**WHAT YOU SHOULD DO:** Output only the lines below that start at the line containing "Personil Sat Lantas" and end at the line containing "año 2000. Los", with both ends kept.

**DATA TO PROCESS:**
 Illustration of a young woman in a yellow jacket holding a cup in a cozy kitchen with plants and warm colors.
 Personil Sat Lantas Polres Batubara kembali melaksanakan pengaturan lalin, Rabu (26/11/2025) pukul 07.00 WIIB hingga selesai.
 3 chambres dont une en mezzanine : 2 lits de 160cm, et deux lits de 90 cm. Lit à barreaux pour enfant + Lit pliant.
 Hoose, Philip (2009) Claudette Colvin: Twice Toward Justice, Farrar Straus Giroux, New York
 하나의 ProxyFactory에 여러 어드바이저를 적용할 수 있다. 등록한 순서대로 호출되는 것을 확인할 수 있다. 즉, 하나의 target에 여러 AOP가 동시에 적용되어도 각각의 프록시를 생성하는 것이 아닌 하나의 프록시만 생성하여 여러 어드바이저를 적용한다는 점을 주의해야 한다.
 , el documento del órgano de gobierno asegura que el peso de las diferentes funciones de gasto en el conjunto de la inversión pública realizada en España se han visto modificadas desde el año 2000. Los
* * *
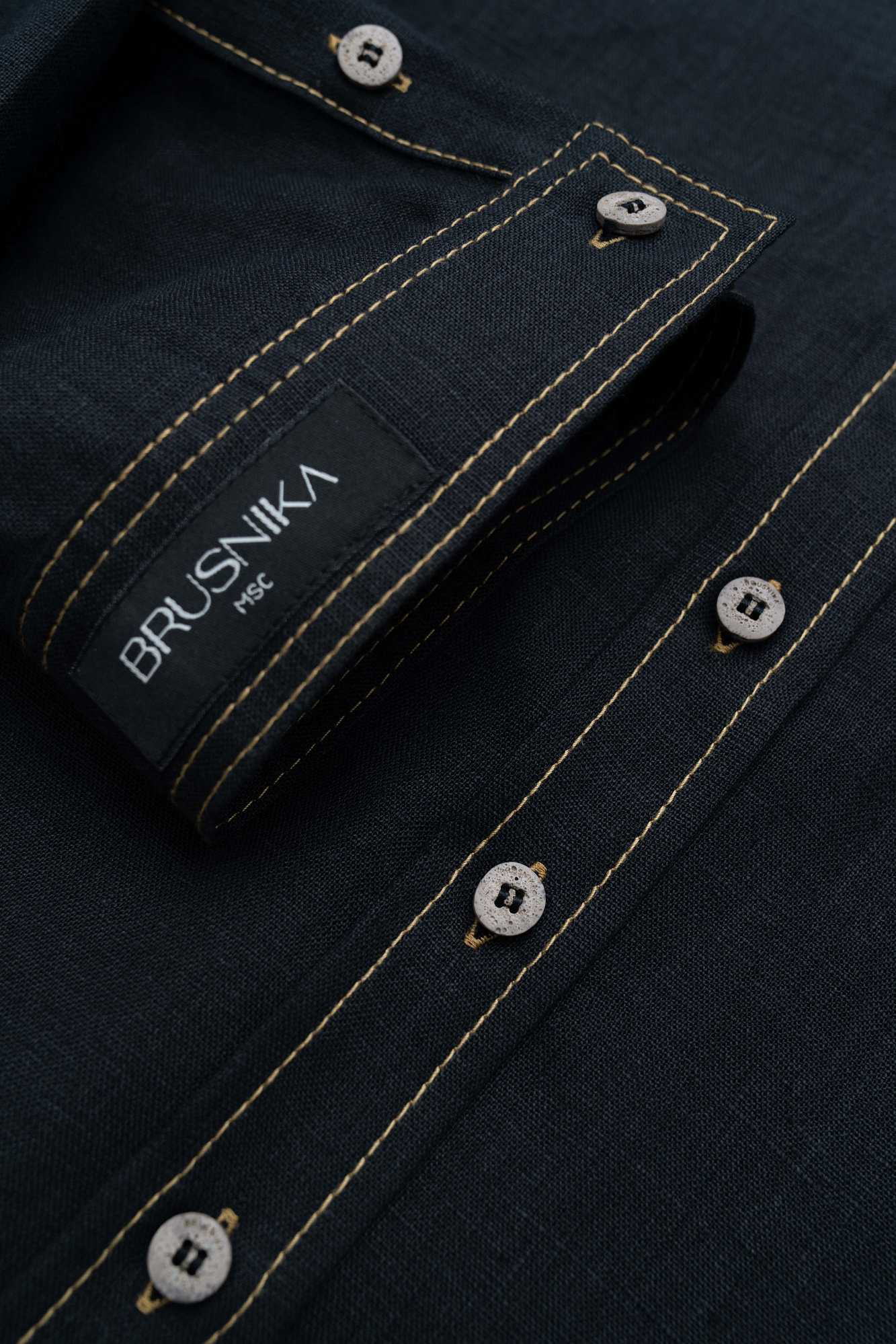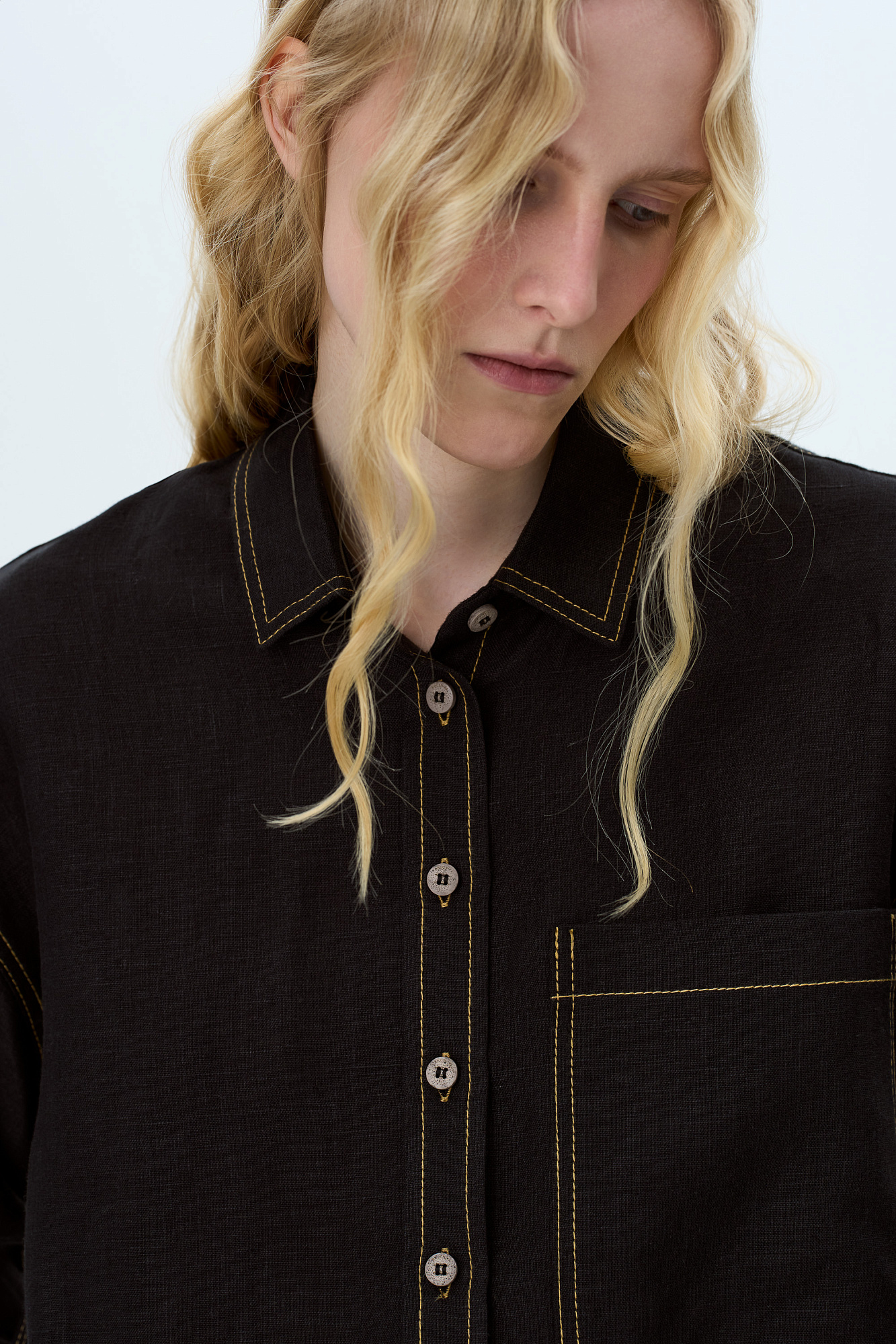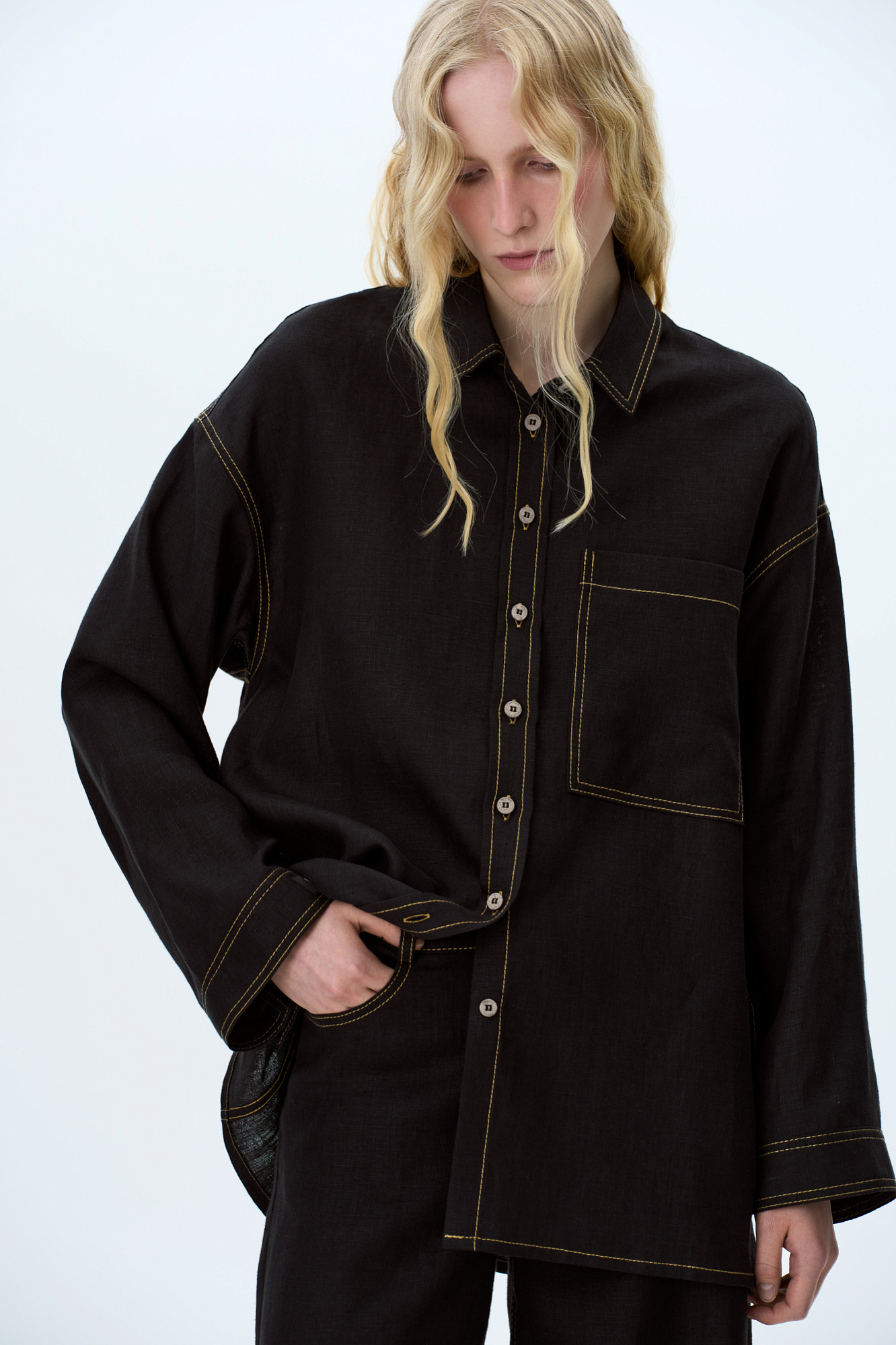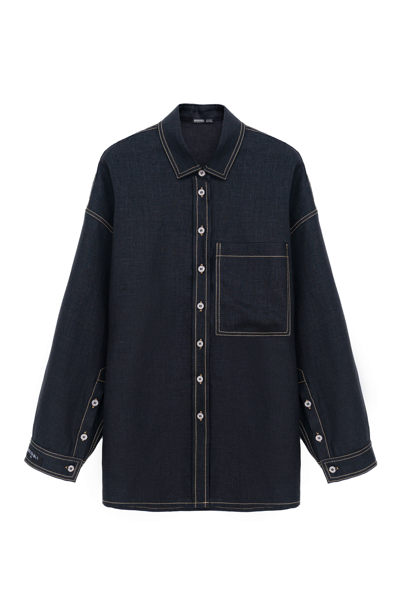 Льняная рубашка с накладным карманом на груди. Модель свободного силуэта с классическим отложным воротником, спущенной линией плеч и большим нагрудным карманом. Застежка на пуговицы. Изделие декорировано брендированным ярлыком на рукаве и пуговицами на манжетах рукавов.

**SOLUTION TO THIS TASK:**
 Personil Sat Lantas Polres Batubara kembali melaksanakan pengaturan lalin, Rabu (26/11/2025) pukul 07.00 WIIB hingga selesai.
 3 chambres dont une en mezzanine : 2 lits de 160cm, et deux lits de 90 cm. Lit à barreaux pour enfant + Lit pliant.
 Hoose, Philip (2009) Claudette Colvin: Twice Toward Justice, Farrar Straus Giroux, New York
 하나의 ProxyFactory에 여러 어드바이저를 적용할 수 있다. 등록한 순서대로 호출되는 것을 확인할 수 있다. 즉, 하나의 target에 여러 AOP가 동시에 적용되어도 각각의 프록시를 생성하는 것이 아닌 하나의 프록시만 생성하여 여러 어드바이저를 적용한다는 점을 주의해야 한다.
 , el documento del órgano de gobierno asegura que el peso de las diferentes funciones de gasto en el conjunto de la inversión pública realizada en España se han visto modificadas desde el año 2000. Los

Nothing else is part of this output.